The goal of the work involves a radically new approach – establishment of possibility of the use of sodium hypophosphite (NaH₂PO₂) as hydrogen source and study of the process of its reforming; synthesis of corresponding catalysts and their testing for generation of hydrogen. It is well known that in the process of chemical nickel plating at 80-95 ⁰C, in the course of an interaction between sodium hypophosphite and water the formed atomic hydrogen reduces nickel on the surface of the plated metal. Nickel plating with the participation of sodium hypophosphite is self-catalytic [1]. Overall catalytic reaction of the interaction between hypophosphite and water may be presented as follows

H₂PO ₂‾ + H₂O → H₂PO ₃‾ + H₂                                                                                             (1)

It is well known that in the absence of nickel-ions in the hypophosphite solution, and with the use of so-called Raney nickel catalyst, an intensive separation of hydrogen is possible at high temperatures (80-95 ⁰C), but at room temperature the process practically stops. It was synthesis CoB₂O₄ catalyst, which can produces hydrogen from hypophosphite solution at room temperature and its use in fuel cell are possible.

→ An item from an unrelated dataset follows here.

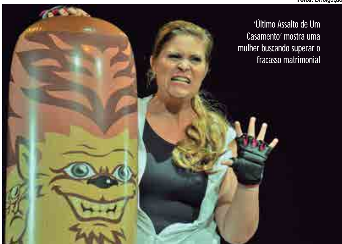
'Último Assalto de Um Casamento' mostra uma mulher buscando superar o fracasso matrimonial

A trama se baseia em uma notícia policial com uma abordagem feminina trágica: enfrentando um câncer em fase terminal, uma mulher encontra inusitada solução para salvar e manter o seu casamento, colocando, em prática um plano em que o marido se case com a sua irmã caçula.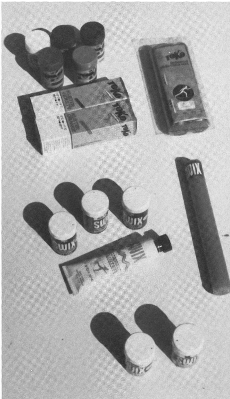
Dall'assortimento per le gare a quello più semplice per il turista. Dall'alto: Toko Compact con 5 scioline dure e 2 Klister, una sciolina Universale o sistema Skating; blu, verde, rosso e un Klister universale, inoltre sciolina di scorrimento d'applicare con il ferro o lasciare (Swix); assortimento d'escursione con una sciolina per neve secca e una per quella bagnata.

Uno sci duro è sempre «appuntito», uno morbido piuttosto «ottuso» (in tedesco si dicono «spitz» e «stumpf», speriamo con la traduzione proposta d'averne dato il senso).

The hydrogen separation at catalytic interaction between water and hypophosphite proceeds by electrochemical mechanism (the process occurs by electron transfer), according to which the hypophosphite-ion presents the distorted tetrahedron in the center of which a phosphorus atom is located and at the ends of tetrahedron two hydrogen and two oxygen atoms are placed. Hypophosphite-ion is adsorbed at metal (catalyst) surface, hydrogen atom of which is connected with catalyst surface by covalent bond, attenuates P-H bond and finally cleaves it; hydrogen is replaced by hydroxide-ion from water (2, 3) which causes hypophosphite transformation in phosphite. Electron, atomic hydrogen and proton, formed by the reaction (4), produce molecular hydrogen (reaction 6):

H₂O = H⁺ + OH-                                                                                                                       (2)

H₂PO₂^-ads + OH^-ads = H₂PO₃^-ads+ H^ads + ē                                                                                     (3)

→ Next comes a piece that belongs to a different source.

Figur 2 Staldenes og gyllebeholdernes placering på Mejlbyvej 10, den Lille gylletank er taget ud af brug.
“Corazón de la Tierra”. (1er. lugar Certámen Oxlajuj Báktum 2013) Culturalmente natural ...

H^ads + H^+ads + e- = H₂                                                                                                                (4)

To synthesized a boron containing cobalt catalyst, [2,3], in an ultrasonic setup where a chemical beaker with 1 M CoSO4 solution was placed. 20 mL of 0.6 M NaBH₄ solution were added drop wise into the beaker at the room temperature under the conditions of intensive mixing. The formed pulp was washed by distilled water. After drying, the deposit was annealed at the temperature of 450°C and finely dispersed black powder was obtained. In X-ray phase analysis of the sample, small peaks were observed in the X-ray diffraction pattern. They corresponded, according to the ASTM standard, to СoB₂O₄ (2.88,2.44, 2.03, 1.86 Å). In the work the hydrogen evolution from aqueous solution of sodium hypophosphite was studied at 10-30 ⁰C by CoB₂O₄ catalyst In case of 2M NaH₂PO₂ solution hydrogen evolution rate was 3.4-3.6 ml sec^-1 g^-1, which was enough for 0.6 W H₂–O₂ fuel cell operation.

References

[1] Electroless plating: fundamentals and applications edited by G. O. Mallory, J. B. Hajdu

[2] Wu, C., Wu, F., Bai, Y., Yi, B., and Zhang, H., Mater.Lett., 2005, vol. 59, p. 1748.

[3] P.O. Nikoleishvili, at all, Russian Journal of Electrochemistry, 2015, Vol. 51, No. 7, pp. 665–671.